Bill turns public employees into public bosses 

If you think government employee unions already have too much power in California, you ain’t seen nothing yet. Last week, the state Legislature sent a bill to Gov. Jerry Brown that would essentially place public employee unions in charge of the commissions that oversee public employees.

Assembly Bill 455, sponsored by San Jose Democrat Nora Campos, requires half the commissioners on a city or county personnel commission to be “nominated” (essentially appointed) by the largest public employee union in the city or county. With control of at least half the commission, the union-backed commissioners would need only one more vote to elect an additional pro-union commissioner to serve as the chair and provide a majority.

The San Francisco Civil Service Commission, which currently consists of five members appointed by the mayor, would become controlled by the Service Employees International Union. The commission has the power to determine the salaries of The City’s elected officials, including supervisors and the mayor. Those officials then determine employee salaries and benefits — you scratch my back, I’ll scratch yours.

The Civil Service Commission also has the power to establish employee rules and policy; rule on appeals on examinations, eligible lists, minimum qualifications, classification, discrimination complaints, future employment with The City and other merit system matters; interpret rules and policies; review and audit merit-system operations; approve contracting out based on the scope of services; and conduct training and outreach on the merit system.

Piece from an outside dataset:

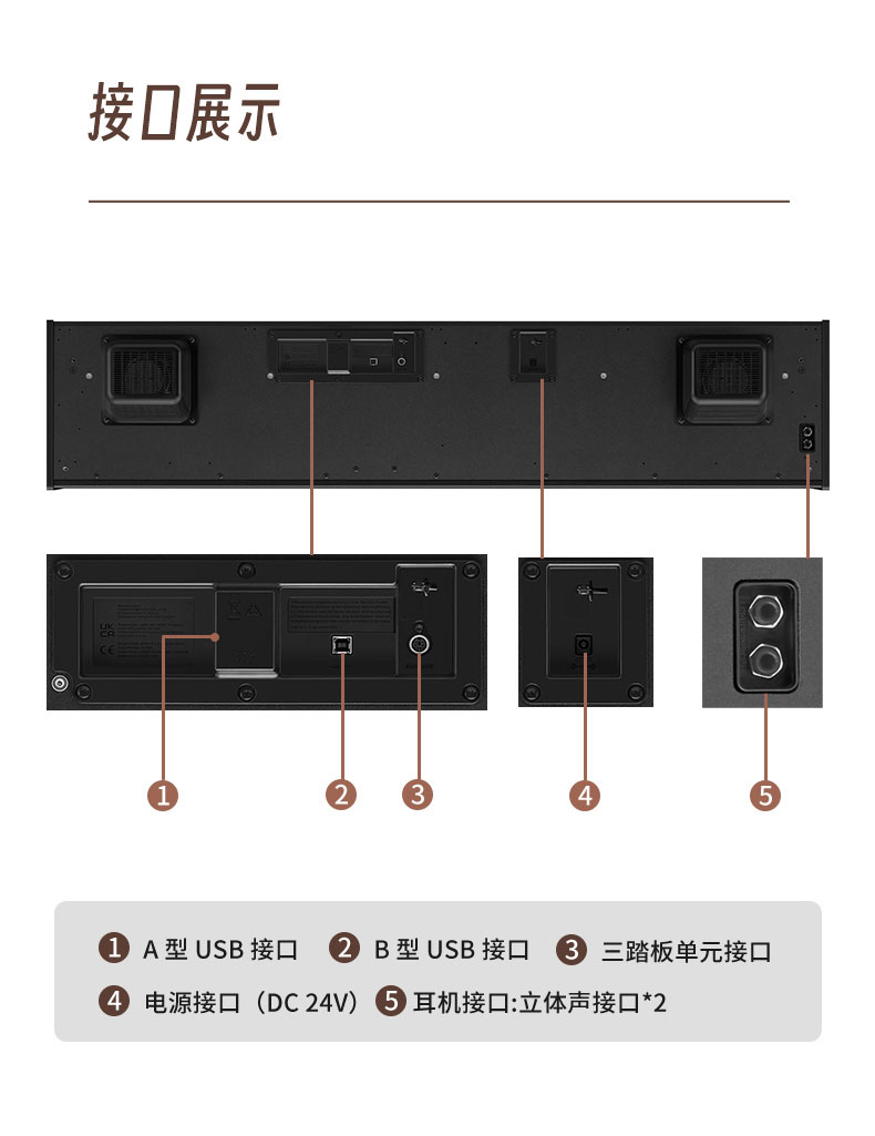 踏板接口: 3踏板(包括):制音(2级,关闭)、柔音、抽选延音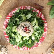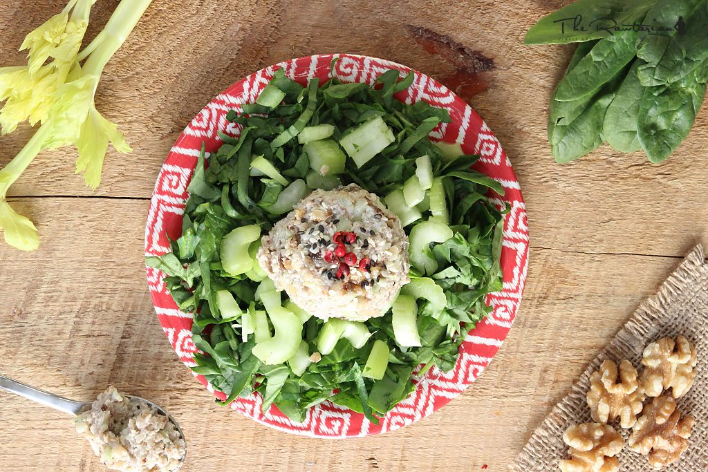 You'll be serving this spread on top of your salads. This spread keeps incredibly well, so you can even make it the day before if you like.

Talk about the fox guarding the hen house. And who are the hens getting plucked? That’s right, the taxpayers who have to pay for it all.

AB 455 sailed through the Legislature on party-line votes, backed by Democrats and opposed by Republicans. It’s also opposed by California’s cities and counties.

The League of California Cities has urged Brown to veto the bill, arguing that there are already many safeguards in place to protect government employees, including state and federal laws, rules, regulations, city codes and human resources departments. To avoid the union takeover, local agencies might instead look to an outside hearing officer or to binding arbitration to settle employee disputes, which would be more costly to the agencies, employees and taxpayers.

The league calls the state mandate “an unnecessary intrusion into what is fundamentally a local municipal affair.” That argument should resonate with Brown, who has advocated transferring responsibilities and tax dollars from the state to cities and counties where they can be better managed.

“We want to align responsibility with funding,” Brown said in a Jan. 10 speech regarding public safety. “So we’ll give them the money, but then they make the tough decisions on how they want to manage it. Same is true with mental health services, foster care, child welfare, substance abuse. Related activities are handled by the county, and if they have the total bundle of services, we feel they can make better decisions.”

If city and county officials can make better decisions on serious social problems, surely they are better equipped to decide how they handle their own employees. And that’s a much better situation than the employees handling the officials.